In the entries below, find the line with "Casual Sleeveless Floral" and transcribe it and every line after it exactly, through the last line, without pictures.
───── Records for this exercise
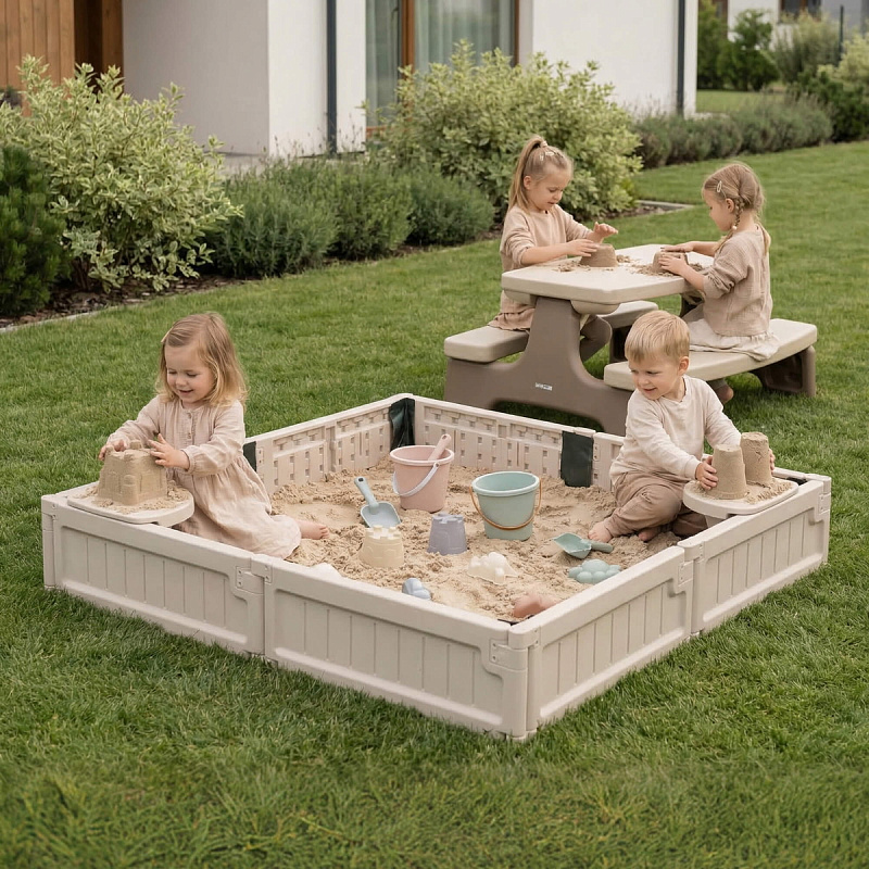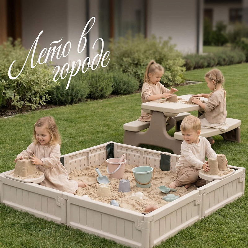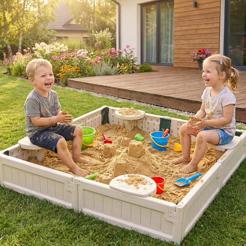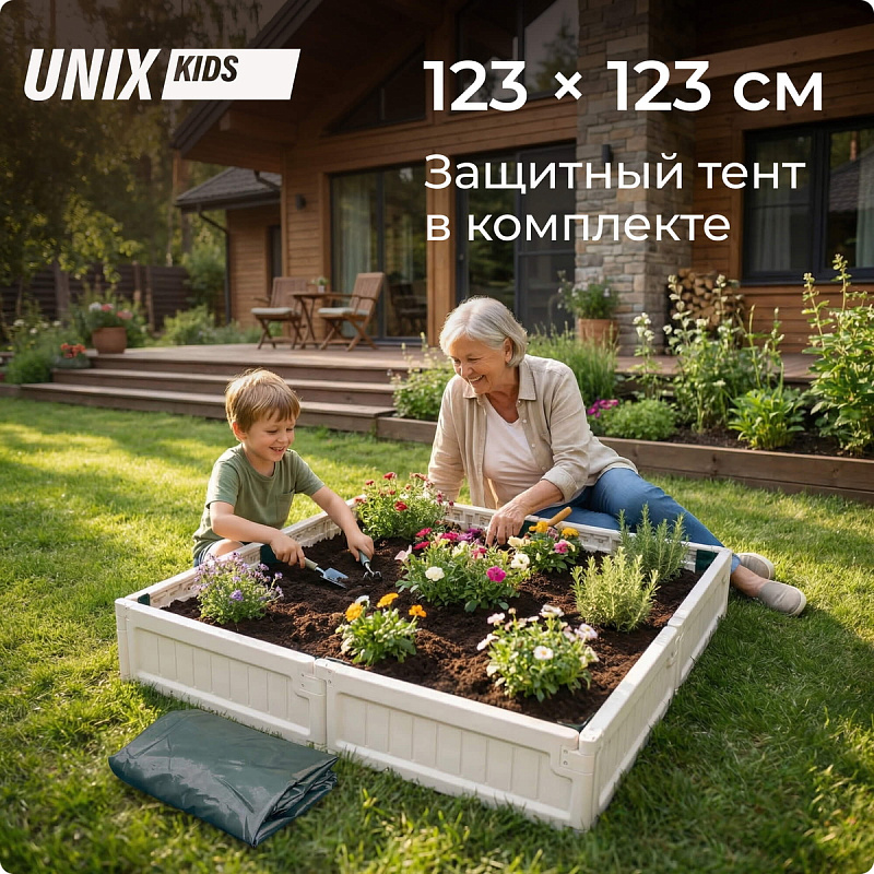 Детская квадратная песочница с защитным чехлом UNIX Kids для улицы и дома – это увлекательное и функциональное игровое пространство, идеально подходящее для активного отдыха детей дошкольного возраста. Она выполнена в форме квадрата 123 х 123 см и оснащена 4-мя удобными сиденьями для комфортного размещения детей во время игры. Каждое сиденье рассчитано на нагрузку до 25 кг. Максимальная вместительность составляет до 270 кг песка (около 180 литров), что позволяет создать обширную зону для творчества и развлечений.
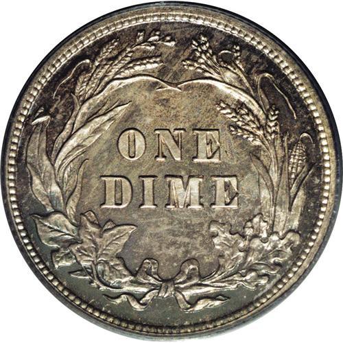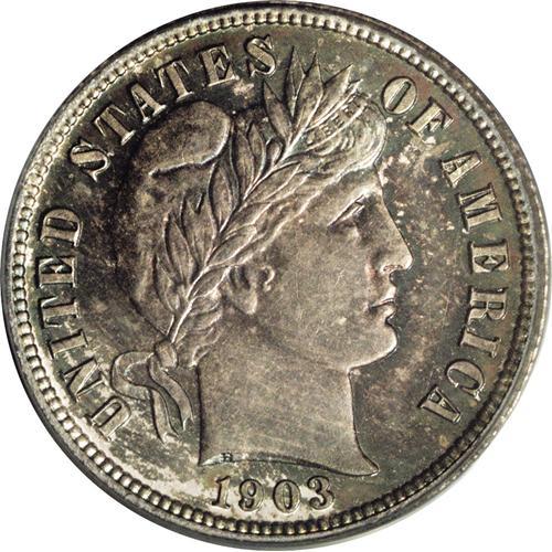 <B>1903<10C> PR66 PCGS.</B></I> A choice acquisition for color collectors, this beautiful Premium Gem proof offers fuchsia, jade-green, lemon-yellow, and ocean-blue toning that is a bit deeper on the obverse, with some original silver color in the center reverse. A trivial contact mark on Liberty's cheek is likely all that kept this coin from a Superb Gem ranking. Proof (and Mint State) Barber dimes appear to offer significant value in today's market. Population: 19 in 66, 5 finer (4/06).
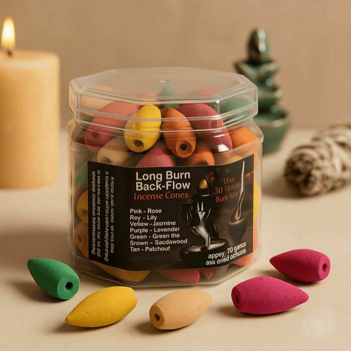 Dugogoreći mirisni čunjići sa povratnim protokom. Vrijeme gorenja do 30 minuta. Približno 70 čunjeva. 7 različitih boja i mirisa: ružičasta - ruža, crvena - ljiljan, žuta - jasmin, ljubičasta - ... Više
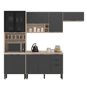 A cozinha modular FIRENZE composição 06 é formada por um paneleiro 4 portas com 2 portas de vidro fume com espaço para forno de até 44L, um aéreo de geladeira 70cm porta basculante com pistão a gás,um aéreo 2 portas 120cm sendo uma com pistão a gás com abertura para cima também com nicho e porta vinhos, um balcão 120cm com 3 portas e 2 gavetas com tampo que pode ser substituído por pia. Seus pés são de polipropileno reguláveis se adequando as condições do chão, puxadores pretos com design moderno, corrediças e dobradiças metálicas. Estruturado em MDP com revestimento ultravioleta e acabamento fosco.Para garantir a qualidade do produto dentro da embalagem, as caixas são revestidas por um plástico termoencolhível e todas as peças são separadas por isomanta.
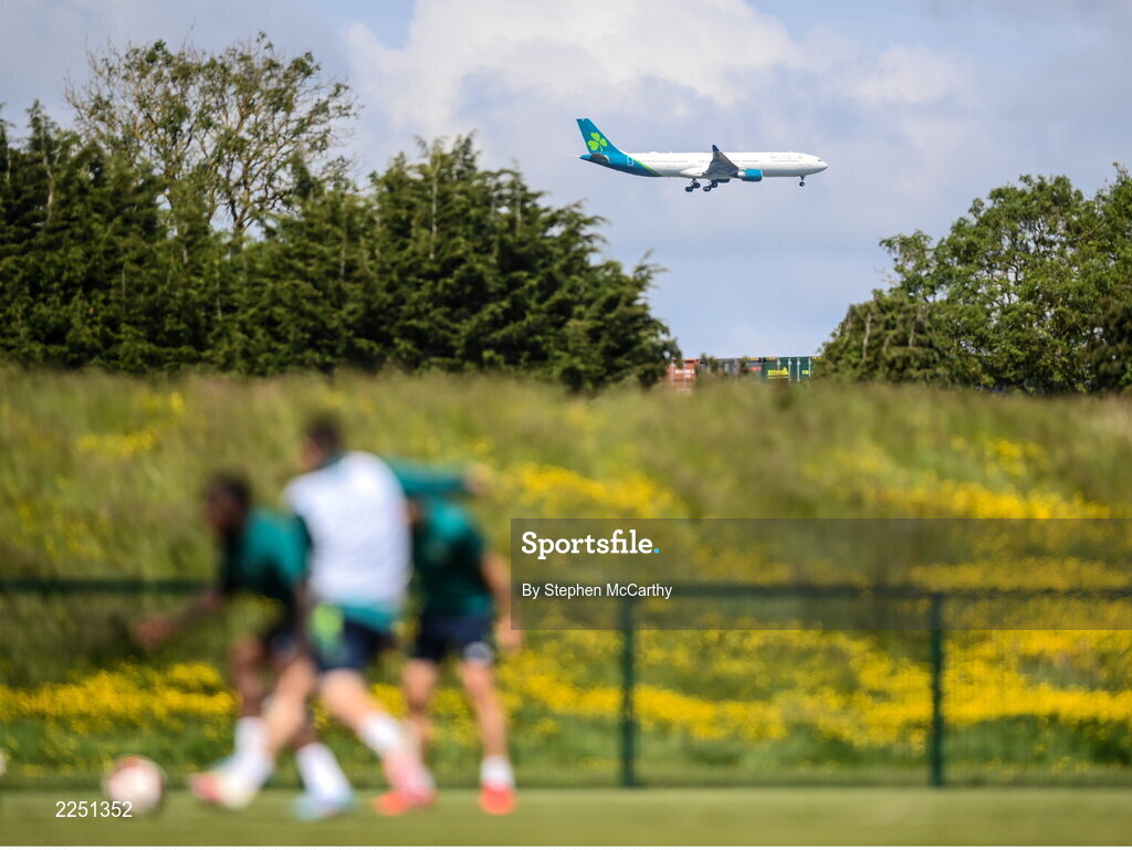 6 June 2022; An Aer Lingus plane at nearby Dublin Airport during a Republic of Ireland training session at the FAI National Training Centre in Abbotstown, Dublin. Photo by Stephen McCarthy/Sportsfile
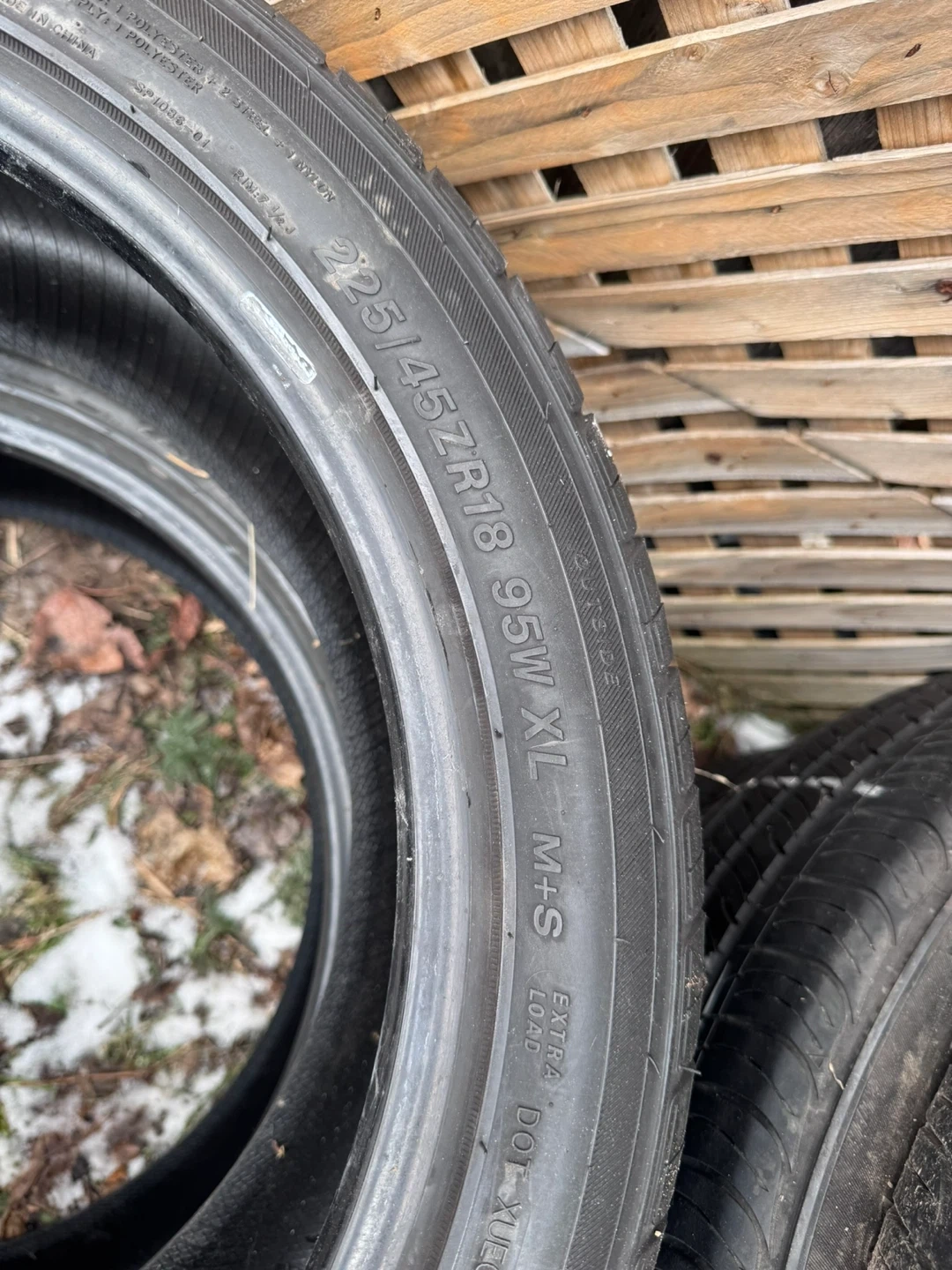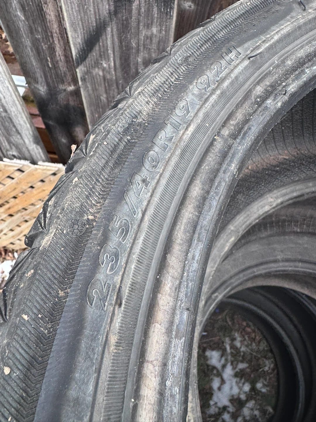 Assorted tired pairs and sets, two are 225/45ZR18 95W XL and two are 235/40R19 92H. All-season M+S tires. As is come have a look if you want any
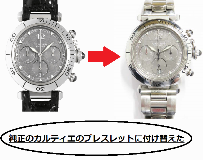 カルティエ パシャ38mmクロノグラフ2004年クリスマス限定モデルの時計は、革ベルトタイプしか発売されていないはずなので、今回のような純正のブレスレットに付け替えた訳アリの状態で買取にお持ちいただいた場合、査定にはどのような影響があるのでしょうか?
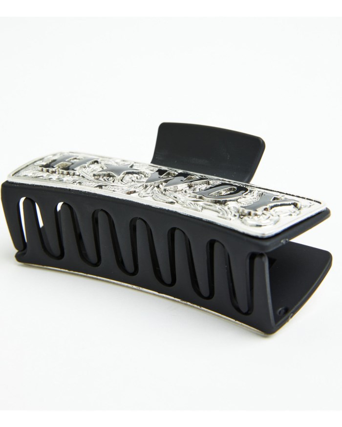 - Silver-toned filigree etched metal design with "Howdy" and black painted details
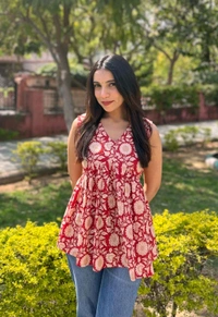 Casual Sleeveless Floral Print Women MaroonTop
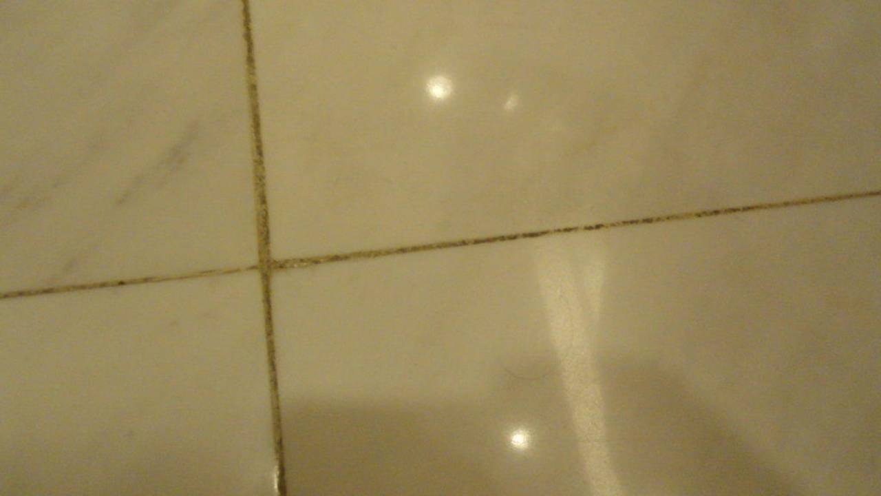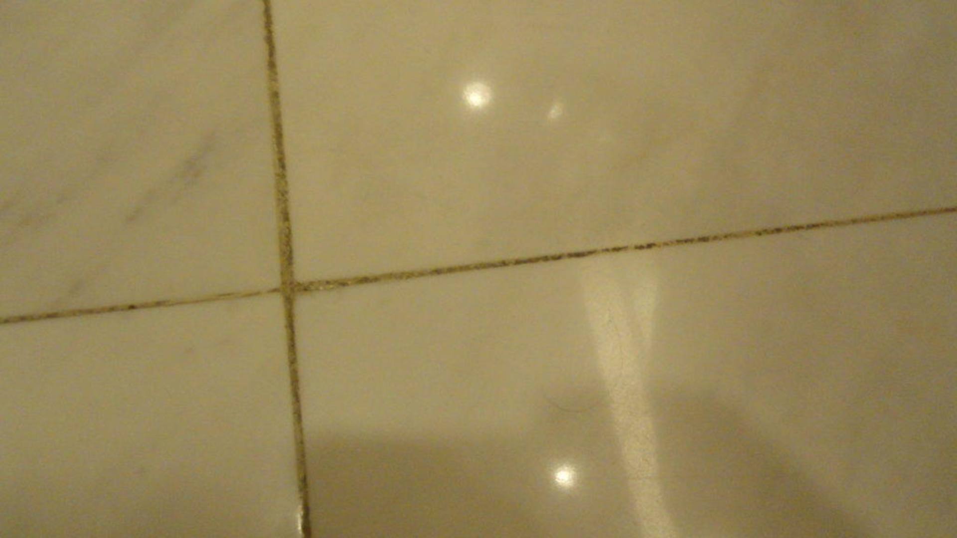 Alle Fugen im Badezimmer schwarz/gelb/orange kaum noch weiss zu sehn
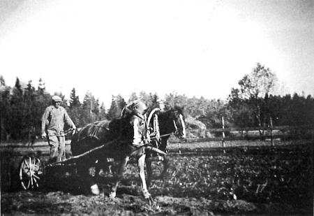 Eskil Dahl kör tvåhästars potatisupptagare i Möursveden 1948
──────────
**Solution below**:
 Casual Sleeveless Floral Print Women MaroonTop
 Alle Fugen im Badezimmer schwarz/gelb/orange kaum noch weiss zu sehn
 Eskil Dahl kör tvåhästars potatisupptagare i Möursveden 1948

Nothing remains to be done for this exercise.